The potential for transmission via inhalation of aerosols, therefore, cannot be ruled out by the observed risk factors or our knowledge of the infection process. Many body fluids, such as vomit, diarrhea, blood, and saliva, are capable of creating inhalable aerosol particles in the immediate vicinity of an infected person. Cough was identified among some cases in a 1995 outbreak in Kikwit, Democratic Republic of the Congo,¹¹ and coughs are known to emit viruses in respirable particles.¹⁷ The act of vomiting produces an aerosol and has been implicated in airborne transmission of gastrointestinal viruses.^18,19 Regarding diarrhea, even when contained by toilets, toilet flushing emits a pathogen-laden aerosol that disperses in the air.^20-22
Experimental work has shown that Marburg and Ebola viruses can be isolated from sera and tissue culture medium at room temperature for up to 46 days, but at room temperature no virus was recovered from glass, metal, or plastic surfaces.²³ Aerosolized (1-3 mcm) Marburg, Ebola, and Reston viruses, at 50% to 55% relative humidity and 72°F, had biological decay rates of 3.04%, 3.06%. and 1.55% per minute, respectively. These rates indicate that 99% loss in aerosol infectivity would occur in 93, 104, and 162 minutes, respectively.²³
In still air, 3-mcm particles can take up to an hour to settle. With air currents, these and smaller particles can be transported considerable distances before they are deposited on a surface.
There is also some experimental evidence that Ebola and other filoviruses can be transmitted by the aerosol route. Jaax et al²⁴ reported the unexpected death of two rhesus monkeys housed approximately 3 meters from monkeys infected with Ebola virus, concluding that respiratory or eye exposure to aerosols was the only possible explanation.
Zaire Ebola viruses have also been transmitted in the absence of direct contact among pigs²⁵ and from pigs to non-human primates,²⁶ which experienced lung involvement in infection. Persons with no known direct contact with Ebola virus disease patients or their bodily fluids have become infected.¹²
Direct injection and exposure via a skin break or mucous membranes are the most efficient ways for Ebola to transmit. It may be that inhalation is a less efficient route of transmission for Ebola and other filoviruses, as lung involvement has not been reported in all non-human primate studies of Ebola aerosol infectivity.²⁷ However, the respiratory and gastrointestinal systems are not complete barriers to Ebola virus.

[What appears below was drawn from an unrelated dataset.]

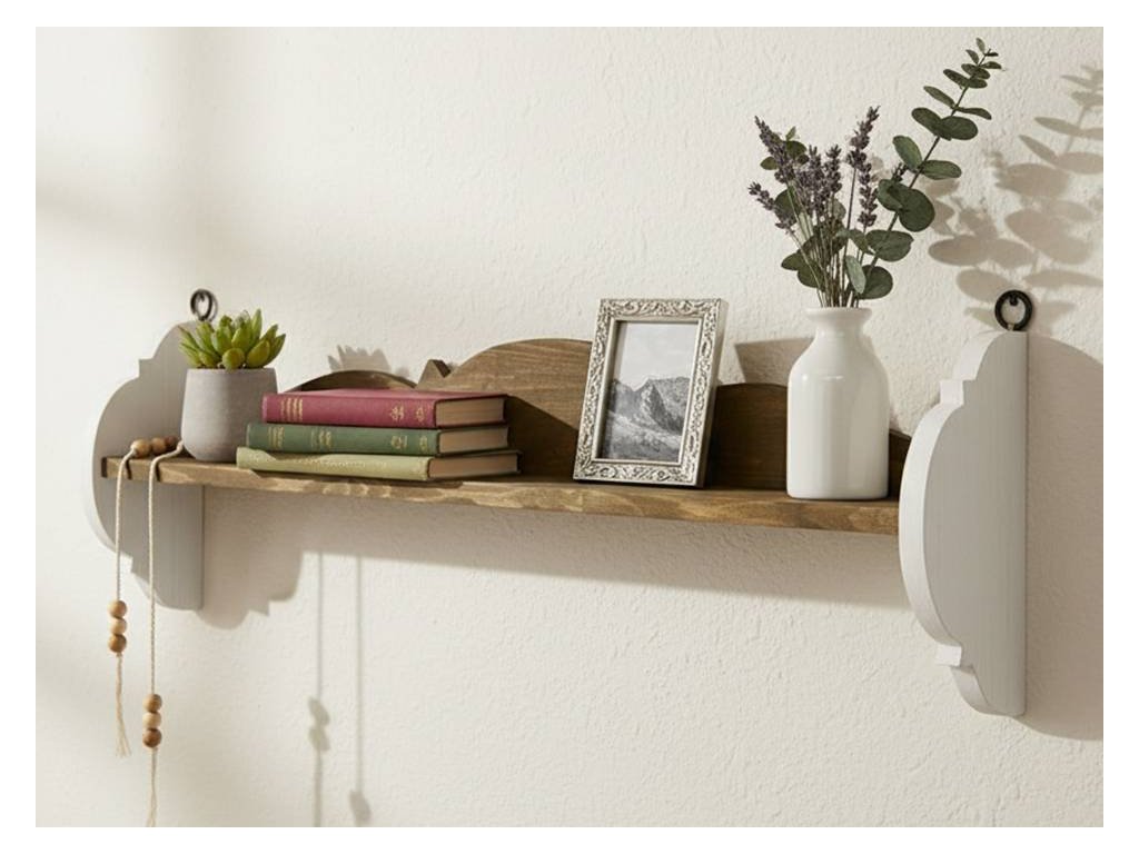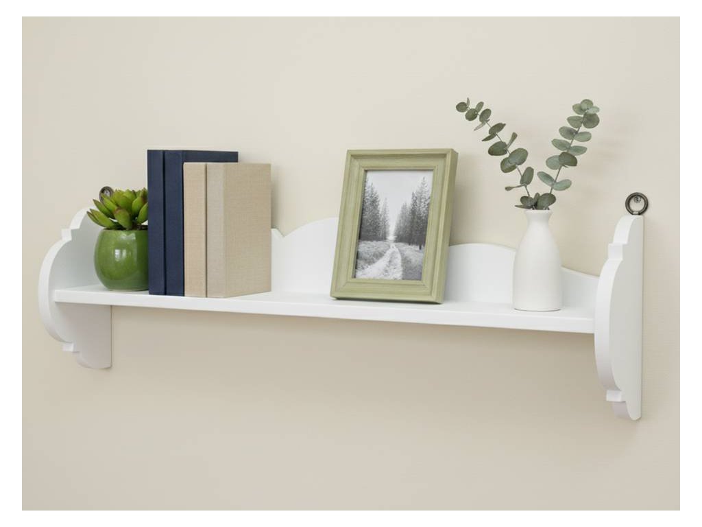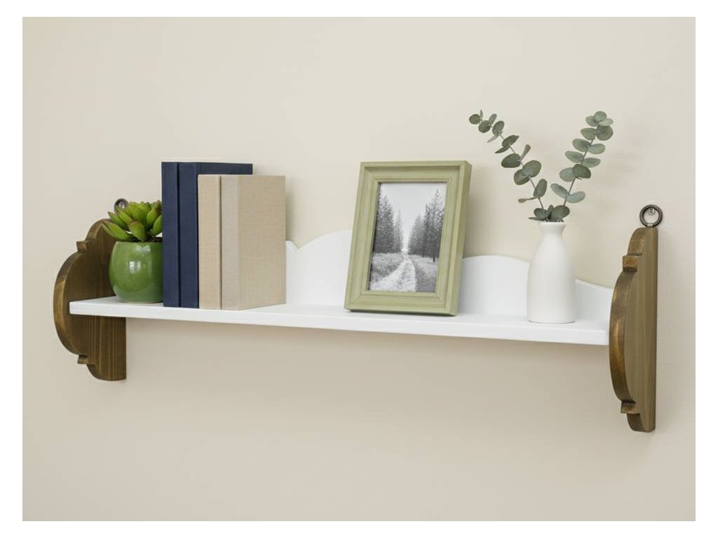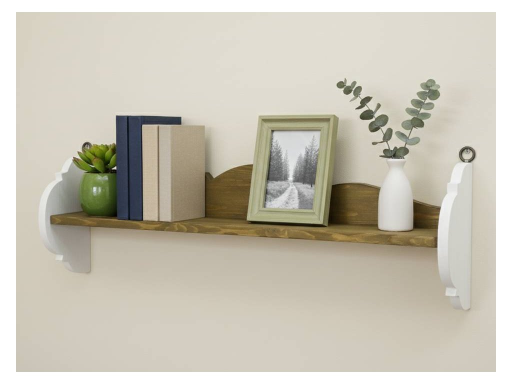 Dřevěná police POL13 je ošetřena pouze bílou vodou ředitelnou barvou. Hnědé plochy mohou být ošetřeny voskem anebo lakem.

Experimental studies have demonstrated that it is possible to infect non-human primates and other mammals with filovirus aerosols.^25-27
Altogether, these epidemiologic and experimental data offer enough evidence to suggest that Ebola and other filoviruses may be opportunistic with respect to aerosol transmission.²⁸ That is, other routes of entry may be more important and probable, but, given the right conditions, it is possible that transmission could also occur via aerosols.
Guidance from the CDC and WHO recommends the use of facemasks for healthcare workers providing routine care to patients with Ebola virus disease and respirators when aerosol-generating procedures are performed. (Interestingly, the 1998 WHO and CDC infection-control guidance for viral hemorrhagic fevers in Africa, still available on the CDC Web site, recommends the use of respirators.)
Facemasks, however, do not offer protection against inhalation of small infectious aerosols, because they lack adequate filters and do not fit tightly against the face.¹ Therefore, a higher level of protection is necessary.